Have looked at beach mall super ultra wide wheel(4 inches)wondercart. 80 bucks.


----------



## surfmom (Nov 3, 2012)

I got a beach cart from bed bath and beyond..its great...you can set our cooler on the bottom shelf put poles and spike and a beach bag then strap chairs across handle. I even fit my flea rake. About $40


----------



## junkmansj (Jul 23, 2005)

Check marketplace forum


----------



## Chris Proctor (Jul 28, 2013)

I used a Harbor Freight wagon that ive had for years and just zip tied 2" PVC in the corners, heavy duty, works great and holds all i could possibly need. Think i paid about $50 for the cart


----------



## surfmom (Nov 3, 2012)

heres what I use http://www.bedbathandbeyond.com/product.asp?SKU=13862559


----------



## junkmansj (Jul 23, 2005)

Golf cart is my old cart,held 4 rods . My bucket and 3 Sandspikes and a small cooler.
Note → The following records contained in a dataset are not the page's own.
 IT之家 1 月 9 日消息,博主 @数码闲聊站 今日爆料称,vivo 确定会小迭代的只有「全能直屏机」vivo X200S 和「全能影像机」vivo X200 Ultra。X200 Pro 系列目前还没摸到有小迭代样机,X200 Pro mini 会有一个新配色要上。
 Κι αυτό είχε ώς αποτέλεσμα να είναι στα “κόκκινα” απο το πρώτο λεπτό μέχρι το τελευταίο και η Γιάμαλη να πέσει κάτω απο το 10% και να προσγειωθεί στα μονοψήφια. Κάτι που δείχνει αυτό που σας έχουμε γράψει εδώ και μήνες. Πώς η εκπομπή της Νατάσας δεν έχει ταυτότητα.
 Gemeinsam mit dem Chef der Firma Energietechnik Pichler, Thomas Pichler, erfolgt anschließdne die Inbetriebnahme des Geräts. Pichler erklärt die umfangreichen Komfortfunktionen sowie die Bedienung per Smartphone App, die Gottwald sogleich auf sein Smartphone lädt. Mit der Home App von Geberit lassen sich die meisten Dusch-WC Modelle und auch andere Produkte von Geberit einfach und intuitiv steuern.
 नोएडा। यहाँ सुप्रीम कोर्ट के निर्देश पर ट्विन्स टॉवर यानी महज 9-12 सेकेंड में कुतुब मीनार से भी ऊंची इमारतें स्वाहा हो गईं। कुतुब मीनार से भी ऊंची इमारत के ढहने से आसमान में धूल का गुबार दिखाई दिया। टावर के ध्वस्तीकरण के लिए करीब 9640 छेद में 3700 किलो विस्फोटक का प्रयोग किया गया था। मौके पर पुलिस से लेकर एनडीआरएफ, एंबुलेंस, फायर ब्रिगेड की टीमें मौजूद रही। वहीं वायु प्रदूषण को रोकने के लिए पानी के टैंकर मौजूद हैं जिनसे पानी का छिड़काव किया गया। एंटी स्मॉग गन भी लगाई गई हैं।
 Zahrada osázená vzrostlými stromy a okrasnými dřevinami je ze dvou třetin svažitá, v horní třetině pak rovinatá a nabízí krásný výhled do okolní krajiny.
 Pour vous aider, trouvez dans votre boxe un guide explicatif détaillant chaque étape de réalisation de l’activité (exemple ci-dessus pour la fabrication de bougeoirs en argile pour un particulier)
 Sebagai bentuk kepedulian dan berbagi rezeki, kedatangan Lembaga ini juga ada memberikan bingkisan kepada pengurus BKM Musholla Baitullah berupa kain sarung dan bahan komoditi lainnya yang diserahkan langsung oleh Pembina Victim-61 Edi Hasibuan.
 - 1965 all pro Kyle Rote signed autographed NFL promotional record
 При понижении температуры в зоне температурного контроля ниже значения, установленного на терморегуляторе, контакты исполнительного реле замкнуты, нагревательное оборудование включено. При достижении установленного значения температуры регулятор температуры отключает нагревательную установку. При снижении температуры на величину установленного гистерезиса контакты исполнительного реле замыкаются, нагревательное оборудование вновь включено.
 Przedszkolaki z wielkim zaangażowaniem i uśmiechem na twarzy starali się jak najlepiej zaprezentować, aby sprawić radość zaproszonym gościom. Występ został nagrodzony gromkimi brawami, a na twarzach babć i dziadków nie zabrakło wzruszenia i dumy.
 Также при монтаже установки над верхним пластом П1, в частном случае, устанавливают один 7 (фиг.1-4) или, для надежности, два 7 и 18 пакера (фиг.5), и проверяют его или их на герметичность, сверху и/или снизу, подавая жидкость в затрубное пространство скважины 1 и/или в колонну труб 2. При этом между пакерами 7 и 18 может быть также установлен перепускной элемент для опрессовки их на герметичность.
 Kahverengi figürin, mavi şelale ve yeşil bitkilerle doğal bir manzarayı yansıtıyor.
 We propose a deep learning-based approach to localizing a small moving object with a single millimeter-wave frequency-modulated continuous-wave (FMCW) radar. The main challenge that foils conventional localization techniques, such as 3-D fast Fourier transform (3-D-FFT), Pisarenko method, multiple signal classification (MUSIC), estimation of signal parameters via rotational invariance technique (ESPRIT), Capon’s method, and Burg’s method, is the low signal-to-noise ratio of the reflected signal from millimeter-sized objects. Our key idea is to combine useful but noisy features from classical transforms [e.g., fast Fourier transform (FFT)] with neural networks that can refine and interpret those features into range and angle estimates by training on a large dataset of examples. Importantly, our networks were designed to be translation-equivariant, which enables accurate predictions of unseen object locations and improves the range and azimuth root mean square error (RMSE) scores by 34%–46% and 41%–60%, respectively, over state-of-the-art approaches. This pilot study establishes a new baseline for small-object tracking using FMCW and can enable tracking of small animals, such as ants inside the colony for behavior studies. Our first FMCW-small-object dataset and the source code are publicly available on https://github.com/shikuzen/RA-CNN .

Bigger cart has hauled 120# of stripers off the Beach plus all the equipt it carried down to the water
Black tires are from a Jet Ski cart, got them from a yard sale


----------



## surfmom (Nov 3, 2012)

The inlaws will like the beach buggy better trust me lotss people use them


----------



## steve2 (Jun 2, 2013)

thanks for the input all. Yes surfmom i think beach cart would be more usable for non fishers. And bandb cart is $20 cheaper than wonder cart with same capacity.I like the feature of hanging chairs on handle.


----------